▶ [AIM OF THE TASK] Give the listing again word for word. Skip the pictures.

--- SUPPLIED MATERIAL ---

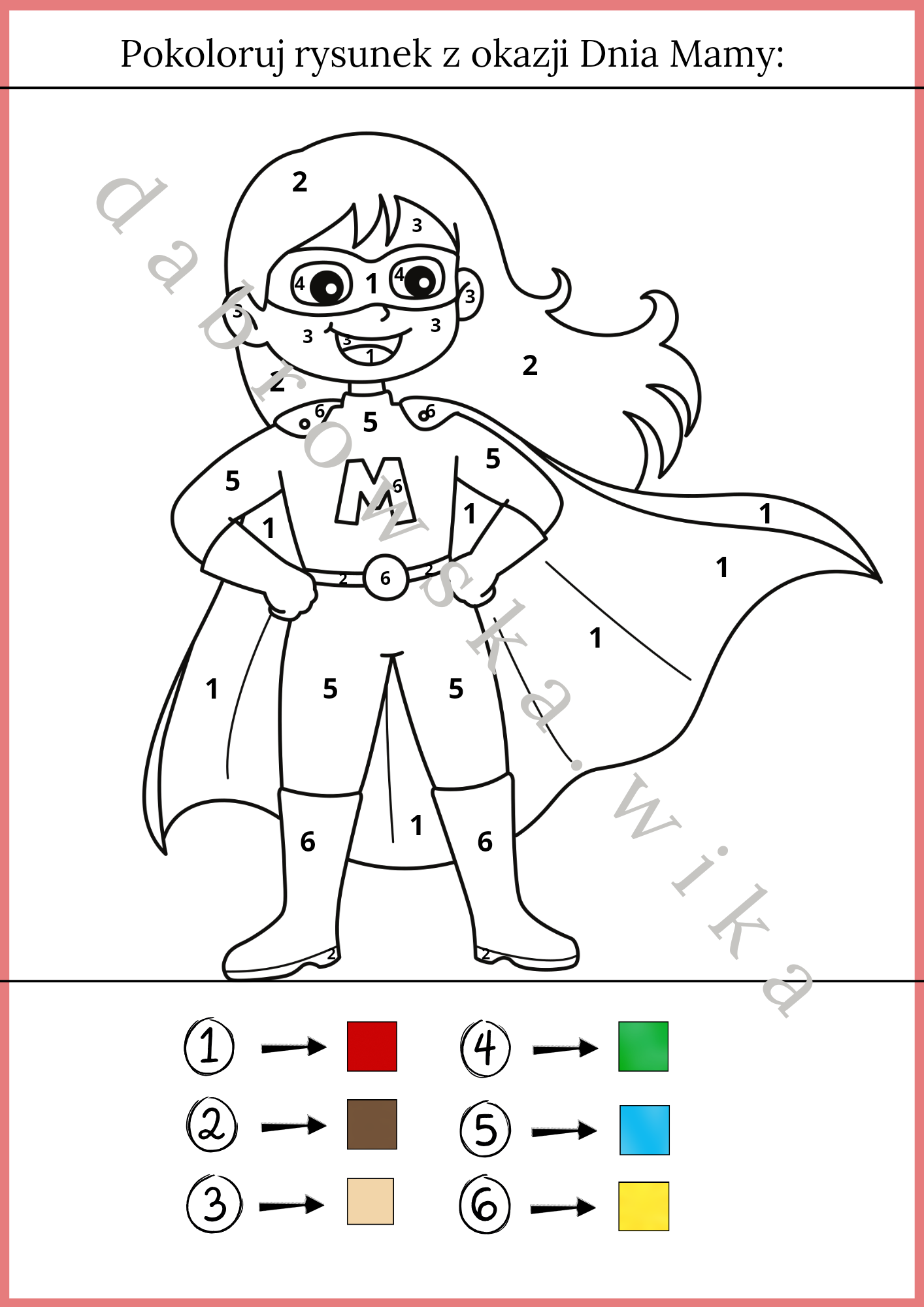 Kolorowanie to coś, co lubi większość dzieci. Taki materiał fajnie urozmaici zajęcia w szkole czy przedszkolu, jak również świetnie sprawdzi się do wykorzystania w domu z tej okazji. Dodatkowo pomalowana kolorowanka może być fajnym prezentem dla mamy.
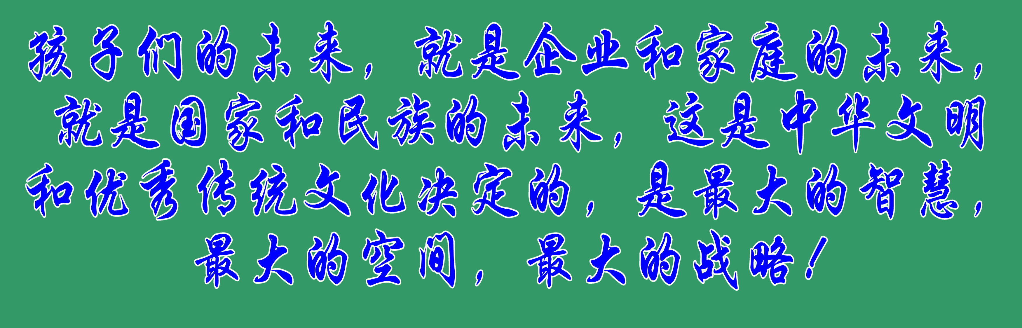 孩子们的未来,就是企业和家庭的未来,就是国家和民族的未来,这是中华文明和优秀传统文化决定的,是最大的智慧,最大的空间,最大的战略!
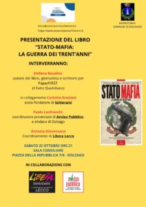 Sabato 25 ottobre, dalle 21.00 alle 23.00, il Comune di Dolzago (LC) e l’associazione Schierarsi, in collaborazione con il Coordinamento provinciale di Avviso Pubblico di Lecco e Libera Lecco, organizzano la presentazione del libro “Stato Mafia: La guerra dei trent’anni” di Stefano Baudino e Henier Koenig (PaperFIRST 2025).
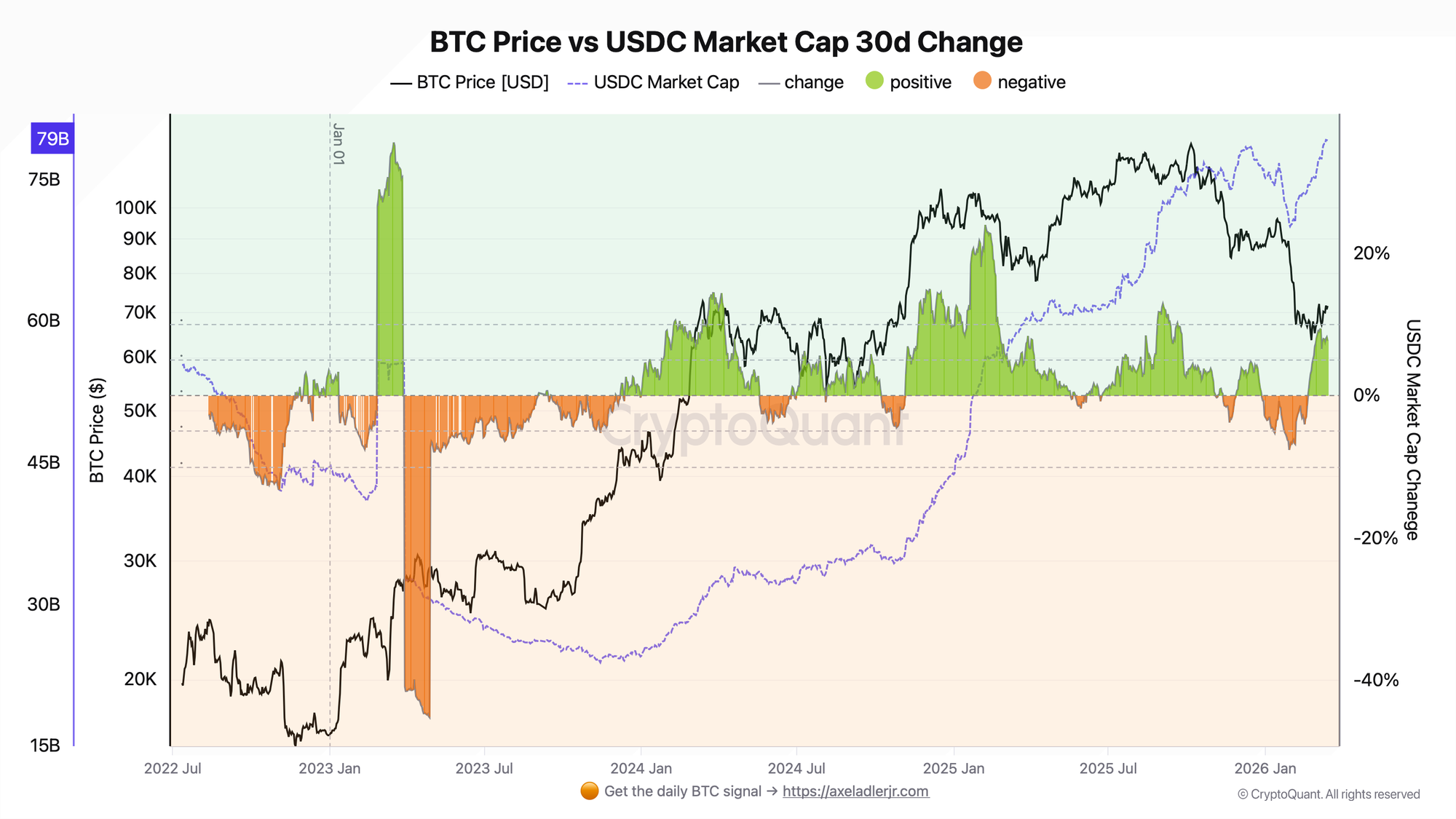 Q: What happened to USDC during the 2023 SVB crisis? A: USDC briefly depegged to $0.87 in March 2023 when Circle disclosed $3.3B in reserves held at Silicon Valley Bank. Market cap contracted sharply as holders redeemed. USDC 30d% hit extreme negative readings during this period. The recovery to peg coincided with BTC bottoming and beginning its 2023 rally - an unusual case where a stablecoin crisis cleared out weak hands and set the stage for the bull run.

---

▶ [TASK RESPONSE]
 Kolorowanie to coś, co lubi większość dzieci. Taki materiał fajnie urozmaici zajęcia w szkole czy przedszkolu, jak również świetnie sprawdzi się do wykorzystania w domu z tej okazji. Dodatkowo pomalowana kolorowanka może być fajnym prezentem dla mamy.
 孩子们的未来,就是企业和家庭的未来,就是国家和民族的未来,这是中华文明和优秀传统文化决定的,是最大的智慧,最大的空间,最大的战略!
 Sabato 25 ottobre, dalle 21.00 alle 23.00, il Comune di Dolzago (LC) e l’associazione Schierarsi, in collaborazione con il Coordinamento provinciale di Avviso Pubblico di Lecco e Libera Lecco, organizzano la presentazione del libro “Stato Mafia: La guerra dei trent’anni” di Stefano Baudino e Henier Koenig (PaperFIRST 2025).
 Q: What happened to USDC during the 2023 SVB crisis? A: USDC briefly depegged to $0.87 in March 2023 when Circle disclosed $3.3B in reserves held at Silicon Valley Bank. Market cap contracted sharply as holders redeemed. USDC 30d% hit extreme negative readings during this period. The recovery to peg coincided with BTC bottoming and beginning its 2023 rally - an unusual case where a stablecoin crisis cleared out weak hands and set the stage for the bull run.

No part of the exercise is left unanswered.